My question is, should i have anything to worry about and how can I approach my wife and say I'd like to know this guy as well to put myself at ease?


----------



## Married but Happy (Aug 13, 2013)

I see nothing wrong with having opposite sex friends (OSFs), IF a) there are good boundaries, b) there is suitable transparency (which is something you negotiate with your spouse), and c) no prior behaviors/events that call their trustworthiness into question. Definitely, yes, you can tell her that you'd like to know this guy better.
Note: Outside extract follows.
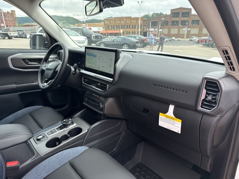 This 2025 Ford Bronco Sport Outer Banks in Oxford White proves that adventure and refinement can absolutely share the same garage. With its sharp 18-inch machined-face black aluminum wheels and Platinum Blue Unstoppable cloth interior, this Bronco Sport is every bit as stylish as it is capable. Its powered by the punchy 1.5L EcoBoost engine paired with an 8-speed automatic transmission, giving you a confident mix of power and efficiency whether you're navigating Beaver County backroads or heading into the city near Pittsburgh.

I have several OSFs; so does my wife. It's never been an issue or a problem - for us.


----------



## roughpatch (Aug 4, 2017)

There has never been an inkling of either of us looking elsewhere. I guess I am just not used to these new friendships since I do not have female friends.


----------



## Tobyboy (Jun 13, 2013)

More info please. Do y'all have children? What are you and your wife's ages? When you say that your wife is hanging out with her girlfriends more, in what way? GNO? Drinking?
When I was 19, the only thing ever on my mind was sex! That boy doesn't want "motherly" advise, he wants "milf" advise. 
The other dude? Fishing for tail on FB.


----------



## Lostinthought61 (Nov 5, 2013)

how is your relationship with your wife, is she there for you and are you there for her, are you still romantically in love with each other.


----------



## Roselyn (Sep 19, 2010)

Career woman here, 59 years old, 37 years married (first marriage for both of us), and have friends from both sexes. I have Facebook & Twitter accounts; my husband does not have any as he doesn't like social media. My accounts are transparent, including my phone & he can visit them at anytime. I don't meet up one to one w/ any friends from the opposite sex nor go to bars. My husband is always invited anywhere I go, but has the option to decline. If he declines in an event, he drops me off & picks me up. It has worked for us; peace of mind for both.


----------



## tigerlily99 (Nov 21, 2015)

Something I learned about marriage,the hard way, is that if something is causing you concern or pain, it's valid to bring up with your spouse. If it hurts you, it's going to hurt the marriage.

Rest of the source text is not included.